On Sunday, Vitalik Buterin, the co-founder of Ethereum, offered his opinions on what regulations should be imposed on the cryptocurrency sector. By legitimising cryptocurrencies as an asset class, regulation may make them more appealing to traditional financial institutions. But new laws and regulations might also change the very nature of the sector, especially in relation to ideas like decentralisation and censorship resistance.
The crypto business shouldn’t, in his opinion, be “enthusiastically” pursuing massive institutional funding at top speed. He claimed that regulations that restrict how the crypto space can operate internally while making it more difficult for projects to get traction with the general public are considerably worse than those that don’t.
According to a recent Fidelity Investments study, regulatory ambiguity is considered as a barrier to institutional cryptocurrency investment. A lack of regulatory certainty, according to 16% of the more than 1,000 institutional investors surveyed for the Institutional Investor Digital Assets Study, is a barrier to investing in digital assets.
However, more than eight out of ten (81%) of the institutional investors polled believe that digital assets play a part in investment portfolios. In addition, a Bitcoin ETF piqued the interest of 43% of institutional investors.
Buterin said that he is “actually kinda happy a lot of the ETFs are getting delayed. The ecosystem needs time to mature before we get even more attention.”
Buterin separated the two types of legislative objectives he sees for the cryptocurrency market into improved consumer protection for those navigating the budding market and stopping the flow of illicit cryptocurrency, which he claimed is not limited to the DeFi space.
He seemed sceptical about mandating know-your-customer (KYC) standards for DeFi protocol front-ends. Financial organisations utilise such standards to combat money laundering, fraud, and corruption, but “hackers create custom code to connect with contracts,” getting beyond the typical KYC obstacles.

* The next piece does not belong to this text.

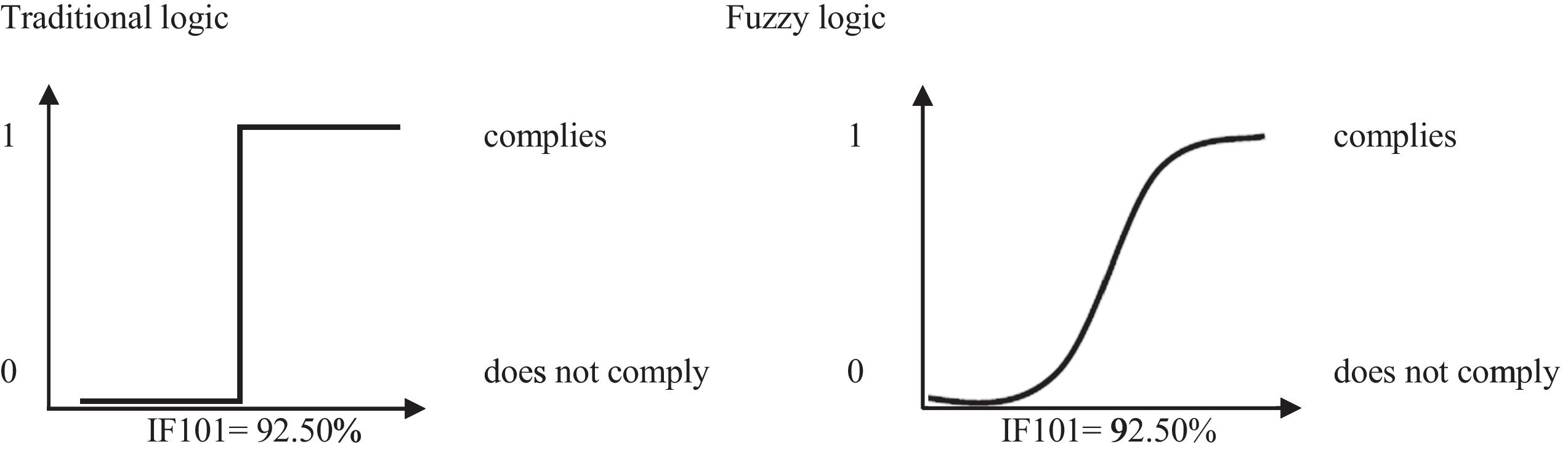 Figure 1 describes the interpretation of information for traditional logic and fuzzy logic, allowing to observe the strong change in the transition curve between the proposed ranges. The search for order within chaos leads to bifurcation, however, fuzzy logic produces a symmetry rupture point that has a traditional geometry in fractal terms that describes a geometric object, with wide scale ranges (Gil, 2000, 2005). This means that it emphasizes the blurriness of the variables, particularly on the everyday and corporate bases due to the dissonance with reality (Restrepo & Vanegas, 2015).

“It would annoy users but do nothing against hackers”
Buterin believes that certain DeFi restrictions, such as caps on how much leverage a user can use when trading, openness in code audits, and the requirement of “knowledge-based tests” rather than “plutocratic net-worth minimum norms,” could be more beneficial.
He further argued that regulations should be written to support the continued use of zero-knowledge proofs, a privacy-preserving cryptographic principle.